LOS ANGELES, California, June 14, 2006 (ENS) - A three year struggle of South Central Los Angeles farmers to save their gardens came to a climax Tuesday morning as Los Angeles police, firefighters and about 65 sheriffs deputies raided the contested farm land, arresting 45 people.

Los Angeles Mayor Antonio Villaraigosa and other city officials negotiated with landowner Ralph Horowitz for hours even as law enforcement officials removed protesters from the property.

The farm, covering 14 blocks, was one of the largest urban community gardens in the United States.

Bulldozers cut a 30 foot wide lane through farmer’s plots to get to a large walnut tree where more than 30 people were chained together in lockboxes bolted to steel drums filled with concrete.

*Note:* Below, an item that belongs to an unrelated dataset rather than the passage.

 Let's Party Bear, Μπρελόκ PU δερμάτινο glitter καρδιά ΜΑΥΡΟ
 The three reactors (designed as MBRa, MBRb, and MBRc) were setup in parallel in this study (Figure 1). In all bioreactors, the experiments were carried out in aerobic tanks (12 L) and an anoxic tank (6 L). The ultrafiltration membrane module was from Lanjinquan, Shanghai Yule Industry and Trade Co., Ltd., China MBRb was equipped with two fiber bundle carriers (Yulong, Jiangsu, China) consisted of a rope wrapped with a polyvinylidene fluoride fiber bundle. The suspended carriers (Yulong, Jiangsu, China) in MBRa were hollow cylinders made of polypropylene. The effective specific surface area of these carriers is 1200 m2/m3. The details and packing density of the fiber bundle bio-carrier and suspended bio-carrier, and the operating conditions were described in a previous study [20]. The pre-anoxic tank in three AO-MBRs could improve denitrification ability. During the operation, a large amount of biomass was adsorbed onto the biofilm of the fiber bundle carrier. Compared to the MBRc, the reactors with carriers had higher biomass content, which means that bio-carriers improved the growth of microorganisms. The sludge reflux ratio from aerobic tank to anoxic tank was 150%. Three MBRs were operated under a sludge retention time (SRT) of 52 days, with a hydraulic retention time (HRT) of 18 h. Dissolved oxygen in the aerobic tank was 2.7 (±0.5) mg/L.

Celebrities Daryl Hannah and John Quigley were among the 45 arrested. They were sitting high in the tree and had to be removed by a Fire Department ladder truck.

Hundreds of farm supporters arrived on the scene, but were prevented from entering the farm by Los Angeles police in riot gear. Unable to gain access, protesters sat down in the street blocking traffic on a major avenue for hours until police cleared the street. Bulldozers uprooted the gardens late into the evening; some farmers wept on seeing their plots destroyed.

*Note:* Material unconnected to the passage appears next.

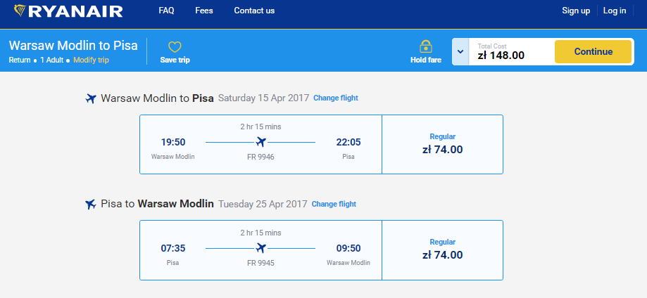 В этот же день в 19:50 садимся на самолет в аэропорту Варшава Модлин. Прилетаем в Пизу в 22:05. Рейс прямой, можно с собой взять ручную кладь, багаж в цену не входит. Стоимость билета на самолет €34 туда-обратно. Купить можно тут.

At a news conference Tuesday afternoon the mayor said Horowitz turned down $16 million, an offer that met the asking price for the land. Talks broke down because Horowitz wanted the farmers evicted, the mayor said.

Horowitz said he had been paying more than $25,000 a month to maintain the property that the farmers were utilizing for free. He was offended, he said, by what he claimed were anti-Semitic remarks directed at him.

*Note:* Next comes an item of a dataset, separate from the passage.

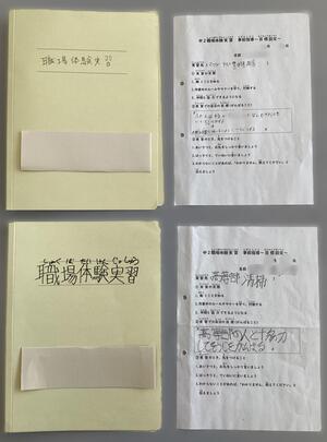 事前学習では、前年度に職場体験実習に行った先輩たちが取り組んでいる様子の動画を見たり、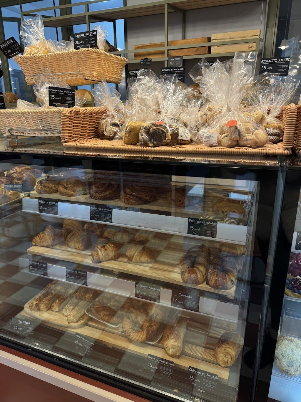 Produsele arata foarte bine si sunt delicioase. In interior miroase ca in brutariile din Franta. Singurul minus ar fi ca si preturile sunt aliniate la cele din Franta 😅.

The land, located on an industrial corridor in an economically depressed area of the city, was seized from Horowitz in 1986 after the city used eminent domain in an attempt to build an incinerator at the site.

Community activists turned back the incinerator plan, and residents began to use the land for garden plots where families could grow their own food.

Horowitz successfully sued to get the land back. Three years ago, he paid $5 million to reacquire the property, but the farmers refused to leave.

The farmers' cause won the support of folk singer Joan Baez, actor Martin Sheen, and tree-sitting celebrity Julia Butterfly Hill.

On June 6, Hill wrote, "From my vantage point in the walnut tree not only do I see luscious green life growing amongst the concrete. I also see beauty, hope, possibility and a vision for the world that inspires me beyond belief. It is growing from every plot, from every heart, and from every person I see coming to this place."

As the bulldozers turned the gardens back into the soil, the farmers' spokesman Tezozomoc said, "Let's not mourn but continue to fight for its life and the livelihood of the South Central Farmers! Over 50 arrests have been made, a few demonstrators have suffered blows from batons and the bulldozers were sent in to demolish the blooming crops, indigenous plants and 14 years of love that have been put into the farm. We are continuing to stand strong with tears in our eyes."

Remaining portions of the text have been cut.